For cloud-managed Postgres:

  • RDS: logs go to CloudWatch Logs. Enable pgaudit via parameter group; set retention on CloudWatch.
  • Cloud SQL: logs go to Cloud Logging. Similar.
  • Azure Flex: logs go to Log Analytics. Same shape.

Budget for storage. Audit logs at 1KB per query × thousands of queries per second add up.

What to log vs not log

Logging everything is expensive and produces noise that obscures real signals. The pragmatic split:

  • Always log: DDL (schema changes), role/permission changes, writes to sensitive tables (customers, payments, audit_log), failed connection attempts.
  • Sometimes log: reads from sensitive tables, especially during audit-relevant time windows.
  • Rarely log at scale: every read of every table. Too much data, low signal.

The middle category — reads from sensitive tables — is where most teams have to make decisions. Logging every SELECT on customers produces a lot of data; the value is the ability to answer "who read this PII when."

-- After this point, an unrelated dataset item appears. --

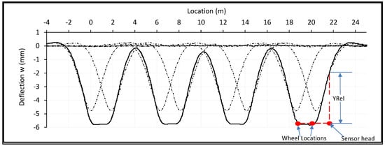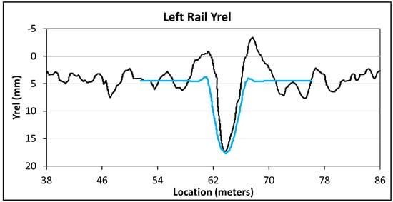 Figure 5, the rail deflection can be modelled using beam on elastic foundation theory, and the modelled YRel value can be calculated from Equation (3) for each measurement location. The rail deflection curves can be converted to YRel plots using the equations presented previously. The YRel map for the mud spot shown is overlaid with a modelled (blue line in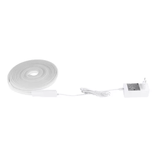 A csomag tartalmazza a tápegységet, valamint a felrögzítéshez szükséges 10 db klipszet és csavart. A LED szalag nem vágható.

Application-level audit columns

For application-side audit context (which user, which IP, which feature), pgaudit alone is not enough. The application should set per-session GUCs:

-- Application sets these on every connection check-out
SET LOCAL app.user_id = '12345';
SET LOCAL app.session_id = 'abc-def';
SET LOCAL app.client_ip = '10.0.0.5';

A trigger on sensitive tables captures these values into an audit table:

CREATE TABLE customer_access_log (
  id BIGSERIAL PRIMARY KEY,
  accessed_at TIMESTAMPTZ DEFAULT now(),
  customer_id BIGINT,
  app_user_id TEXT,
  app_session_id TEXT,
  app_client_ip TEXT,
  db_user TEXT,
  query TEXT
);

CREATE OR REPLACE FUNCTION log_customer_access()
RETURNS TRIGGER AS $$
BEGIN
  INSERT INTO customer_access_log (
    customer_id, app_user_id, app_session_id, app_client_ip, db_user, query
  ) VALUES (
    NEW.id,
    current_setting('app.user_id', true),
    current_setting('app.session_id', true),
    current_setting('app.client_ip', true),
    current_user,
    current_query()
  );
  RETURN NEW;
END;
$$ LANGUAGE plpgsql;

CREATE TRIGGER log_customer_select
BEFORE INSERT OR UPDATE ON customers
FOR EACH ROW EXECUTE FUNCTION log_customer_access();

This logs WRITES to customers with full application context. For SELECT logging, pgaudit is the tool — Postgres triggers do not fire on SELECT.

Common audit queries

The queries auditors actually want:

-- Who accessed customer 47 in the last 90 days?
SELECT app_user_id, accessed_at, query
FROM customer_access_log
WHERE customer_id = 47
  AND accessed_at > now() - interval '90 days'
ORDER BY accessed_at DESC;

-- Top 10 users by sensitive-table access volume
SELECT app_user_id, count(*)
FROM customer_access_log
WHERE accessed_at > now() - interval '30 days'
GROUP BY app_user_id
ORDER BY count(*) DESC
LIMIT 10;

-- Off-hours access (e.g., outside 9am-6pm)
SELECT app_user_id, accessed_at, query
FROM customer_access_log
WHERE accessed_at > now() - interval '7 days'
  AND extract(hour FROM accessed_at) NOT BETWEEN 9 AND 18
ORDER BY accessed_at DESC;

These are the questions you cannot answer without auditing in place.

What I commit to

For any production database with sensitive data:

  1. pgaudit installed, configured to log DDL, role changes, and writes globally.
  2. Sensitive tables logged for reads in addition.
  3. Application sets per-session GUCs on every connection.
  4. Audit triggers on sensitive tables capture these GUCs.
  5. Logs forwarded to SIEM with appropriate retention (typically 1-7 years for compliance).
  6. Quarterly audit-query review to confirm the data answers the questions.

This is several days of setup. Once done, audit responses become queries instead of investigations.